Literature Agents Setup

Literature agents search and synthesize scientific literature. Start with the KNOWLEDGE agent and add more advanced options as needed. The easiest literature backend to set up - searches your custom documents using vector similarity:
.env
# Embedding provider for document vectorization
EMBEDDING_PROVIDER=openai
TEXT_EMBEDDING_MODEL=text-embedding-3-large

# Cohere reranker for better search results (optional but recommended)
COHERE_API_KEY=your-cohere-api-key
USE_RERANKING=true

# Vector search settings
VECTOR_SEARCH_LIMIT=20
RERANK_FINAL_LIMIT=5
SIMILARITY_THRESHOLD=0.75
RERANKER_SCORE_THRESHOLD=0.3

# Document processing
KNOWLEDGE_DOCS_PATH=docs
CHUNK_SIZE=2000
CHUNK_OVERLAP=200
1

Get an OpenAI API key

Required for generating embeddings (or use another embedding provider)
2

Optional: Get Cohere API key

Significantly improves search results through reranking
3

Add documents to docs/ directory

Supported formats: PDF, Markdown (.md), DOCX, TXT
docs/
├── research-paper-1.pdf
├── domain-knowledge.md
└── dataset-docs.txt
4

Documents are processed on startup

Embeddings are automatically generated and stored in PostgreSQL with pgvector

OpenScholar Agent (Optional)

Adds high-quality scientific literature search with peer-reviewed citations:
.env
OPENSCHOLAR_API_URL=https://your-openscholar-deployment.com
OPENSCHOLAR_API_KEY=your-api-key
1

Deploy OpenScholar

Follow the deployment guide at bio-xyz/bio-openscholar
2

Add credentials to .env

Set OPENSCHOLAR_API_URL and OPENSCHOLAR_API_KEY
Research: Based on arXiv:2411.14199

BioLiterature Agent (Optional)

Bio’s in-house scientific literature API with rich synthesized answers:
.env
BIO_LIT_AGENT_API_URL=https://your-bioliterature-deployment.com
BIO_LIT_AGENT_API_KEY=your-api-key

# Optional: set as primary agent for deep research
PRIMARY_LITERATURE_AGENT=bio

Edison Literature Agent (Optional)

The most advanced literature search option with deep synthesis capabilities:
.env
EDISON_API_URL=https://your-edison-deployment.com
EDISON_API_KEY=your-api-key
1

Deploy Edison API

Follow the guide at bio-xyz/bio-edison-api
2

Add credentials to .env

Set EDISON_API_URL and EDISON_API_KEY
What you gain:
  • Advanced literature synthesis
  • Used in deep research mode for iterative investigation
  • Best-in-class citation quality

Analysis Agents Setup

Required for dataset processing: You MUST configure at least one analysis agent (Edison or BIO) to process uploaded datasets (CSV, Excel, etc.).

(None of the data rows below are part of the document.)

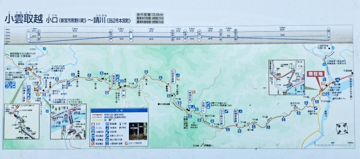 ここ田辺市請川から、新宮市小口までの熊野古道の案内図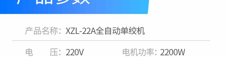 名称XZL-22A单绞机 电源220V 功率2200W 产量300-400KG/H 尺寸400*500*718MM 重量50KG 规格 其他
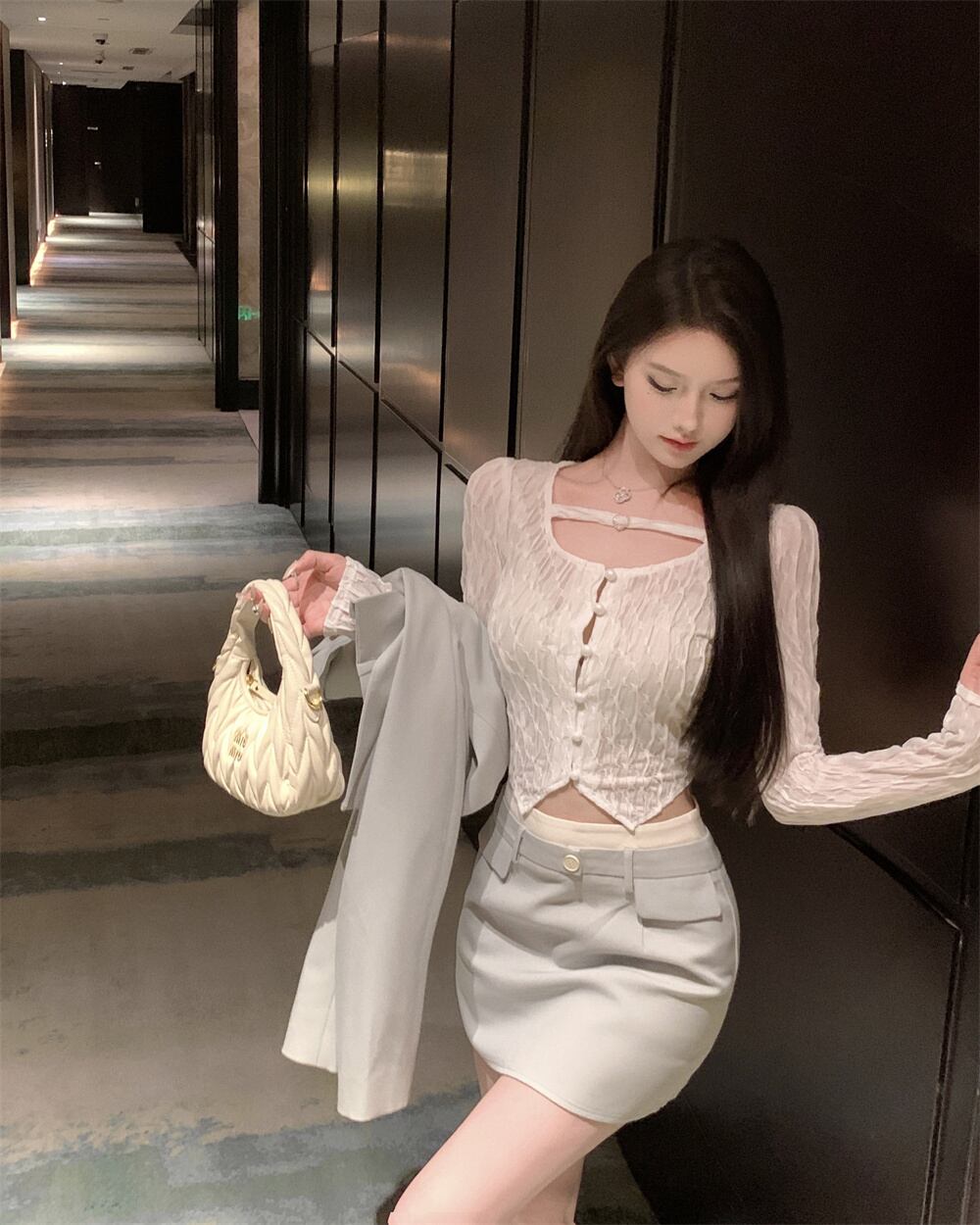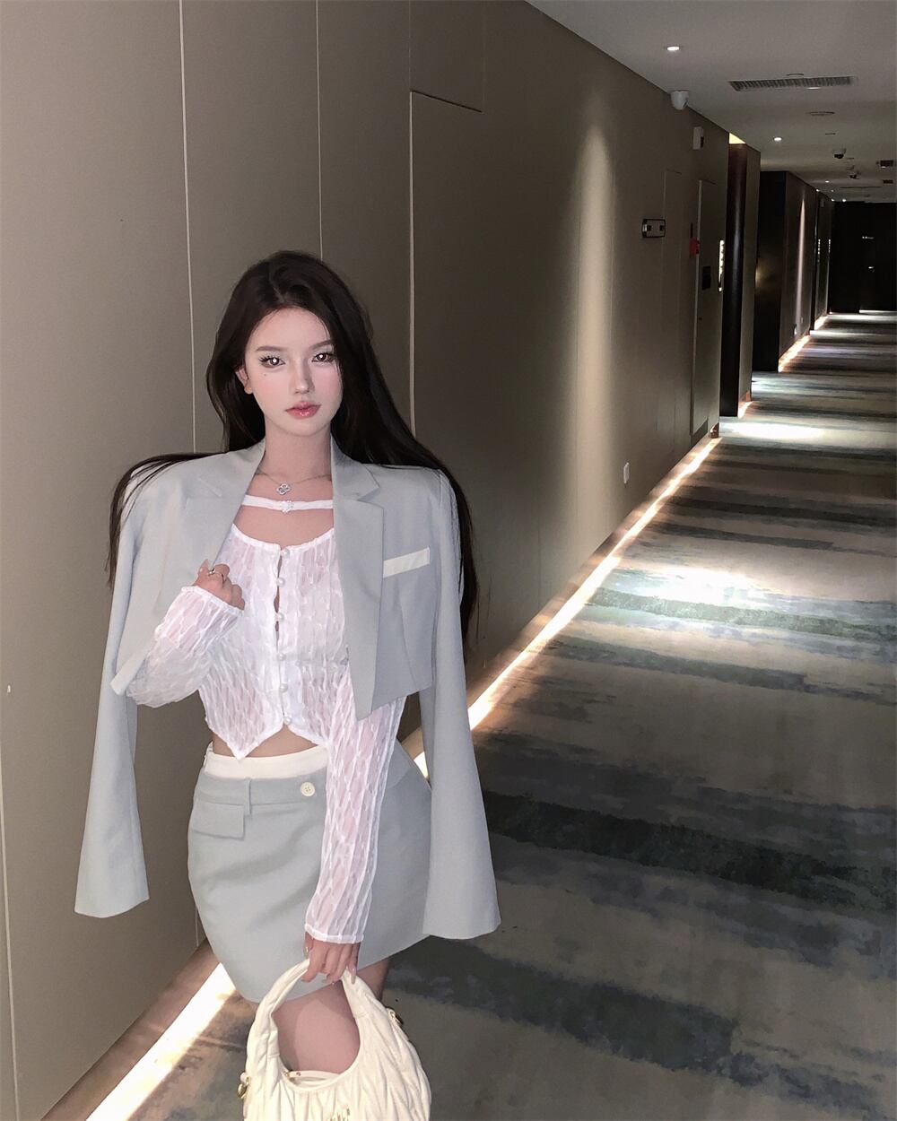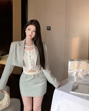 Sweet Hot Girl ミントミルクグリーン スーツ スーツ レディース 秋 長袖 インナー ショート コート ダブルウエスト ミニスカート 3点セット ロング 大人ガーリー スウィート キュート カジュアル オータム 秋物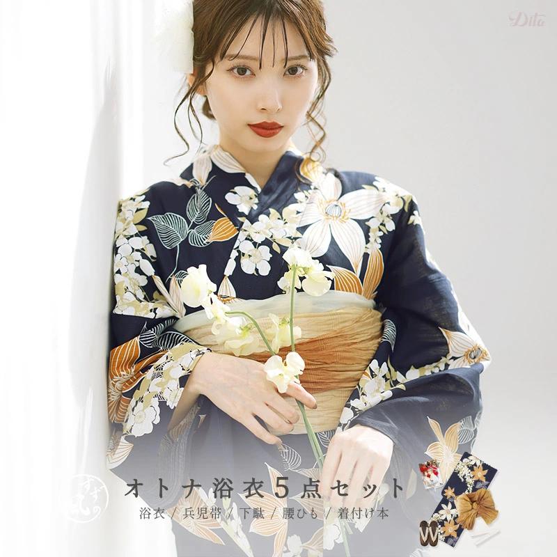 レディース 浴衣 セット 簡単(ゆかた・しわ兵児帯・下駄・着付け本・腰ひも)綿 レトロ 紺 オレンジ 大人 上品 派手 和風 モダン 10代 20代 30代 2025年

Storage Setup (Required First)

Before configuring analysis agents, set up S3-compatible storage for dataset uploads:
.env
STORAGE_PROVIDER=s3

AWS_ACCESS_KEY_ID=your-access-key
AWS_SECRET_ACCESS_KEY=your-secret-key
AWS_REGION=us-east-1
S3_BUCKET=your-bucket-name
1

Create S3 bucket in AWS Console

2

Create IAM user with S3 access

3

Add credentials to .env

Edison Analysis Agent (Default)

The default analysis backend with advanced capabilities:
.env
EDISON_API_URL=https://your-edison-deployment.com
EDISON_API_KEY=your-api-key
EDISON_TASK_TIMEOUT_MINUTES=30
1

Deploy Edison API

2

Add credentials

Edison is used by default - no PRIMARY_ANALYSIS_AGENT setting needed
Capabilities:
  • Deep analysis of uploaded datasets
  • Automatic file upload to Edison storage
  • Code execution in secure sandbox
  • Returns detailed analysis results with visualizations

BIO Data Analysis Agent (Alternative)

Alternative analysis backend if not using Edison:
.env
PRIMARY_ANALYSIS_AGENT=bio
DATA_ANALYSIS_API_URL=https://your-bio-analysis-deployment.com
DATA_ANALYSIS_API_KEY=your-api-key
BIO_ANALYSIS_TASK_TIMEOUT_MINUTES=60
1

Deploy BIO analysis agent

2

Configure as primary

Set PRIMARY_ANALYSIS_AGENT=bio in .env
You only need either Edison or BIO for analysis - not both.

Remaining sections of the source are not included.